4 minute read

If you’ve spent any time experimenting with running large language models locally, you’ve probably seen guidance like “you need 30GB of RAM” to get a model working. That exact phrasing showed up recently on a Reddit thread about running Qwen3-Next locally, and it sparked a familiar kind of confusion: are we talking about GPU memory or system memory?

The short answer is that both matter—but in very different ways. Understanding the distinction between VRAM and system RAM is one of the most important mental models for anyone building or tuning local LLM inference. Once you get it, a lot of vague “hardware requirements” suddenly make sense.

Two memory systems, two very different jobs

When you run an LLM locally, you are operating across at least two memory hierarchies: GPU memory (VRAM) and system memory (RAM). They serve different purposes and impose different limits on what’s possible.

VRAM: where inference actually happens

VRAM is the memory physically attached to your GPU. During GPU-based inference, this is where the performance-critical parts of the model live:

  • Model weights in their inference format (FP16, INT8, INT4, etc.)
  • Activation buffers used during forward passes
  • The KV cache that stores attention state for the active context
  • Temporary buffers used by fused kernels and matrix multiplications

Modern inference runtimes (vLLM, llama.cpp, TensorRT-LLM, and PyTorch-based stacks) try very hard to keep as much of this as possible in VRAM. The reason is simple: GPU memory offers dramatically higher bandwidth and better effective latency for GPU workloads than system RAM.

If the full model (plus its KV cache and runtime buffers) fits in VRAM, you get fast, predictable throughput. If it doesn’t, you’re forced into offloading strategies where parts of the model or attention state live in system RAM. That works, but performance drops sharply as data moves back and forth across the CPU–GPU boundary.

In practice, VRAM is the gating factor for model size on GPU.

System RAM: the support structure

System RAM plays a quieter but still critical role. It doesn’t directly accelerate inference kernels, but it supports everything around them:

  • Holding unpacked model files during load
  • Staging unquantized weights before conversion
  • Temporary buffers used during quantization
  • Offloaded layers or tensors that don’t fit in VRAM
  • CPU-only inference paths when no GPU is available

If system RAM is insufficient, models may fail to load entirely or spend most of their time paging data between memory and disk. This is often where seemingly large RAM requirements come from.

In the Qwen3-Next discussion, the frequently cited “30GB of RAM” wasn’t referring to VRAM at all—it was system RAM. Even if the final quantized model fits comfortably on the GPU, the loader and runtime may still need substantial host memory to hold intermediate representations during setup.

Why VRAM constraints show up first

For GPU inference, VRAM determines feasibility before performance even enters the conversation.

If a model’s weights and KV cache cannot reside in GPU memory at the same time, you have three options:

  1. Use more aggressive quantization
  2. Reduce context length (to shrink the KV cache)
  3. Accept CPU offloading and slower inference

For large models (30B parameters and above), this usually means 24GB of VRAM or more just to get started, and significantly more if you want higher precision or long-context workloads.

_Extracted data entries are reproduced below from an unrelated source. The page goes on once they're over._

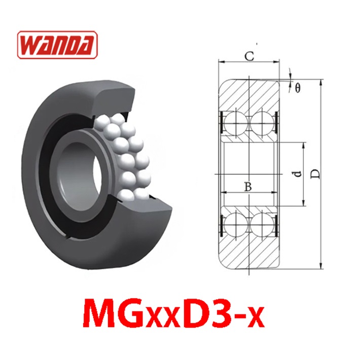 MGxxD3-x Bạc đạn khung nâng hình trụ vát cạnh, lõi 2 hàng bi lăn.
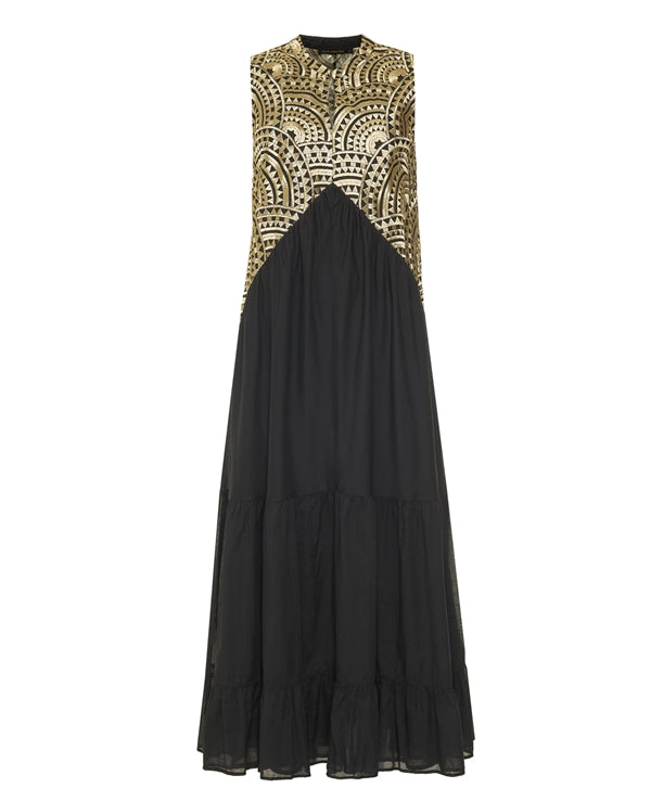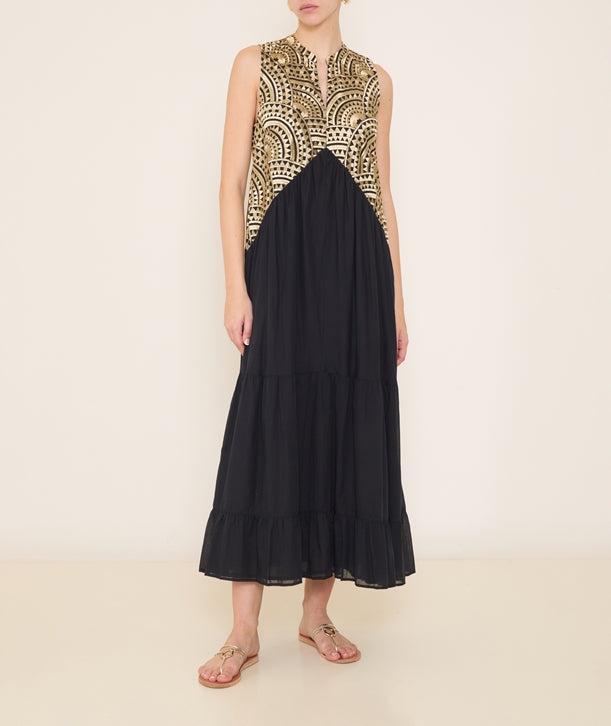 New Triangles Tiered Dress - Black/Gold
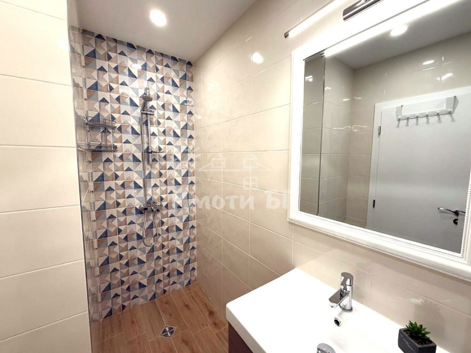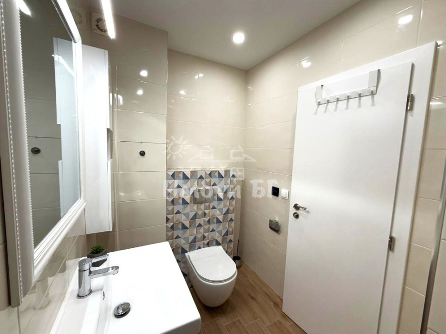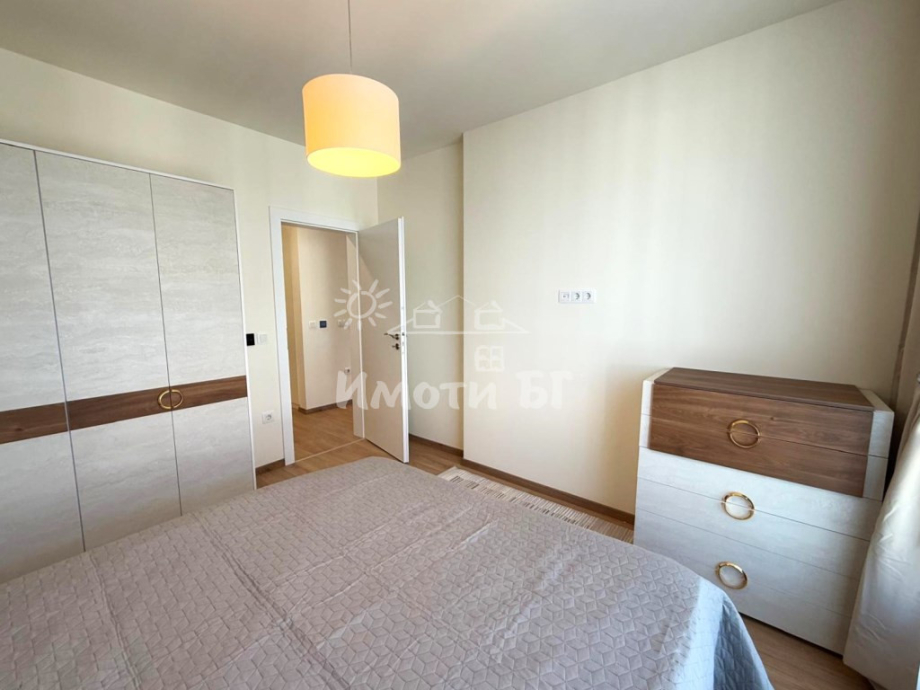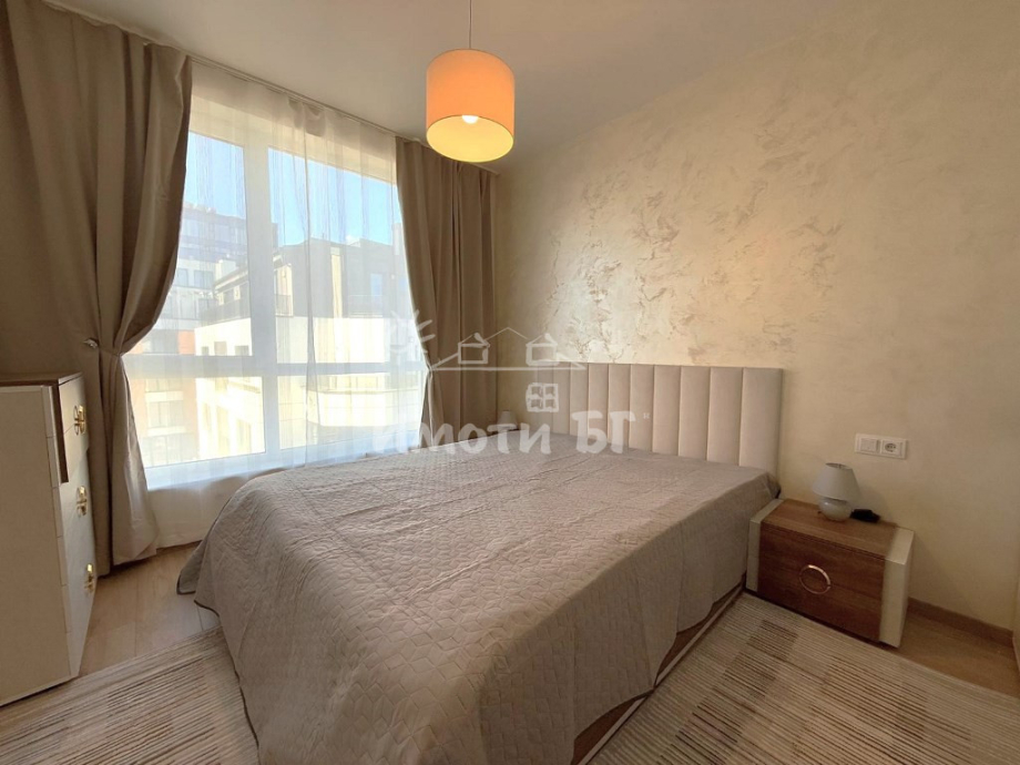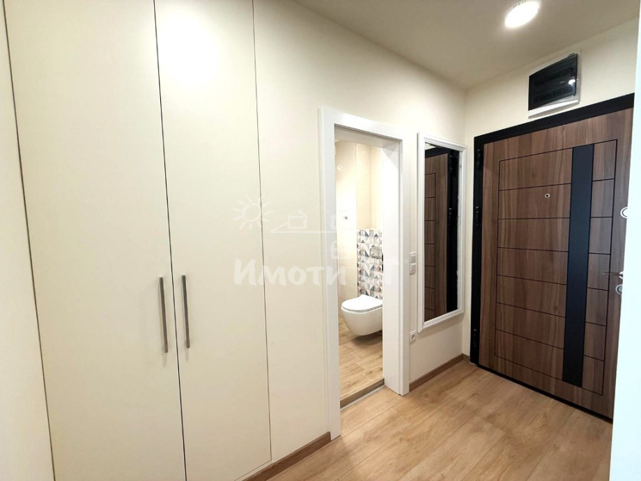 Разпределение: входно антре, хол с кухненски бокс и трапезария, спалня, баня с тоалетна и тераса. Предлага се изцяло обзаведен и завършен по дизайнерски проект, като на разположение на наемателите има: ПЕРАЛНЯ СЪС СУШУЛНЯ, кухня с вградени уреди, включително СЪДОМИЯЛНА МАШИНА, интелигентно газово котле с WiFi и ПОДОВО ОТОПЛЕНИЕ, климатик с WiFi, 2 БРОЯ ТЕЛЕВИЗОРИ 43' (в хола и в спалнята), blackout пердета и др.

Context length matters here: KV cache memory grows linearly with the number of tokens, and for long prompts it can rival or exceed the size of the model weights themselves.

This is why two users running the “same model” can have wildly different experiences depending on context length and precision.

System RAM enables flexibility, not speed

System RAM doesn’t make inference faster, but it makes it possible.

Adequate RAM allows:

  • Safe model loading and conversion
  • Partial offload paths when VRAM is tight
  • CPU-only inference for users without GPUs

Without it, runtimes thrash, allocations fail, and performance collapses. That’s why RAM recommendations often sound inflated—they’re accounting for worst-case loading and conversion paths, not steady-state inference.

CPU-only inference: feasible, but slower

Some inference engines can run entirely from system RAM with no GPU at all, using multithreaded CPU execution. This can be surprisingly usable for smaller or aggressively quantized models, where users report tens of tokens per second on modern CPUs.

For larger models, though, throughput quickly drops into single-digit tokens per second. CPU-only inference trades raw speed for accessibility, not efficiency.

Thinking in memory hierarchies

A useful way to reason about local LLM hardware is as a memory hierarchy:

  • VRAM → model weights, activations, KV cache
  • System RAM → runtime support, offload, conversion
  • Storage → model files, checkpoints, swap

When these layers are aligned with your inference goals, hardware choices become much clearer. Instead of chasing vague “requirements”, you can decide whether you’re optimizing for feasibility, performance, context length, or cost.

One last thing

I’m also writing these posts as part of my own transition from DevOps into AI and ML. Earlier in my career, I went through a similar shift when I moved from being a Java developer into DevOps, and writing things down publicly helped me make sense of that transition.

This blog is my way of doing the same thing again. Learning in public, validating my understanding, and slowly building intuition around systems that are still new to me. If you’re on a similar journey, I hope these notes help you connect a few dots along the way.